Nate Gray and Gilbert Jackson used a variety of sweeteners to ingratiate themselves with municipal officials: tickets to ballgames and Broadway shows, under-the-table payments, a $700 Louis Vuitton handbag.
Gray had especially good connections in the Ohio suburb of East Cleveland. When another businessman approached the mayor about getting some city business, Gray called the rival and confronted him, federal wiretaps show.
“You stole my mayor,” Gray complained.
“Which one?” the businessman asked.
Gray and Jackson helped secure water and sewer contracts in Cleveland and East Cleveland for two of the nation’s most prominent engineering firms. Those deals became key elements in a federal racketeering investigation that eventually put the pair in prison. Their story offers a glimpse of the underside of the municipal water business.
Jackson was a New Orleans-based senior vice president for the engineering firm Camp Dresser & McKee. He developed ties to Cleveland Mayor Mike White and was active in the U.S. Conference of Mayors, serving as co-chairman of its Mayors Business Council, created to promote “public-private partnerships.”

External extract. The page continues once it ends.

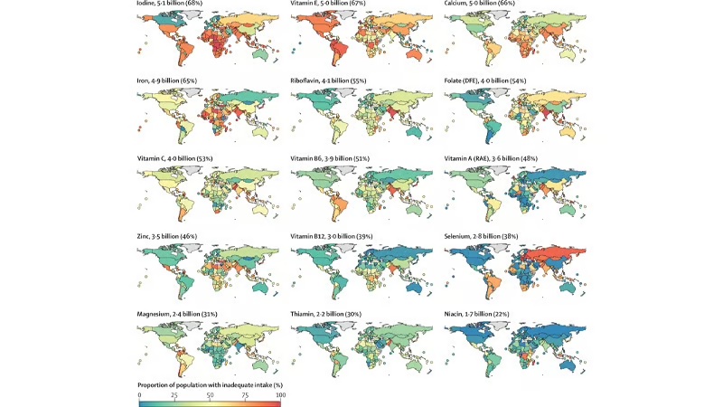 „Na podlagi ocen vnosa hranil s hrano (brez obogatitve in dodatkov) več kot 5 milijard ljudi ne zaužije dovolj joda (68 % svetovnega prebivalstva), vitamina E (67 %) in kalcija (66 %). Več kot 4 milijarde ljudi ne zaužije dovolj železa (65 %), riboflavina (55 %), folne kisline (54 %) in vitamina C (53 %). V isti državi in starostnih skupinah je bil ocenjen neustrezen vnos joda, vitamina B12, železa in selena pri ženskah večji kot pri moških, magnezija, vitamina B6, cinka, vitamina A, tiamina in vitamina A pri moških pa večji kot pri ženskah. niacin,« pravi študija v razdelku »Ugotovitve« povzetka.

Gray was a political supporter and close friend of White, Cleveland’s mayor from 1990 to 2002. Gray twice served as best man at White’s weddings.
In April 1996, Gray began collecting a $2,500-a-month retainer from Camp Dresser. Jackson became Gray’s friend and worked with him to snag contracts in cities around the country, prosecutors said.
In Cleveland, Gray and Jackson helped Camp Dresser secure nearly $15 million in business with the city’s water department. The two manipulated competitive bidding for a 2001 contract to renovate water treatment plants, prosecutors said.
Camp Dresser had the lowest expertise score of three bidders. During a second round, described by prosecutors as a “sham,” Dresser outscored its rivals and won the $4.7-million contract.
Prosecutors noted in court papers that Jackson opened his New Orleans home to a political fundraiser for White and that Gray gave Cleveland Water Commissioner Julius Ciaccia Jr. tickets to 22 Cleveland Indians baseball games over two years.
Neither White nor Ciaccia, now the city’s utility director, has been charged. Both denied wrongdoing. An attorney for Camp Dresser said the firm had been unaware of illegal activities by Jackson and Gray.
Gray also helped CH2M Hill, a Colorado engineering firm, win a $3.9-million no-bid contract in 2002 to run East Cleveland’s water and sewer system.
A CH2M subsidiary, Operations Management International Inc., also known as OMI, channeled cash payments to then-Mayor Emmanuel Onunwor through a front company, prosecutors said in court papers. They said OMI passed money to a Cleveland engineering firm that employed Gray as a subcontractor and Gray made payments to the mayor.
Ralph Cascarilla, an attorney for OMI, said his company had no idea that consulting fees it paid the local firm were used to bribe the mayor. OMI has not been charged in the case.
OMI pulled out of the contract in 2004, saying that East Cleveland had stopped paying its monthly fee. The city responded that it couldn’t afford to pay, because water and sewer revenues were well below what OMI had projected.
As part of the racketeering investigation, the FBI planted a camera in Gray’s office and tapped his phone, intercepting calls between January 2002 and April 2003. Nine people, including Gray and Jackson, have been convicted in a probe that examined contracts in Ohio, New Orleans and Houston.
In December 2005 a federal judge sentenced Jackson to 82 months in prison. Onunwor, who cooperated with the government, drew a 108-month sentence and was ordered to pay East Cleveland $5.1 million in restitution.
Gray, sentenced to 15 years, told the judge: “I’ve clearly made some bad choices.” But in one wiretapped conversation, he suggested that his methods were hardly unusual: “Ninety percent of getting public contracts required greasing the palms of public officials.”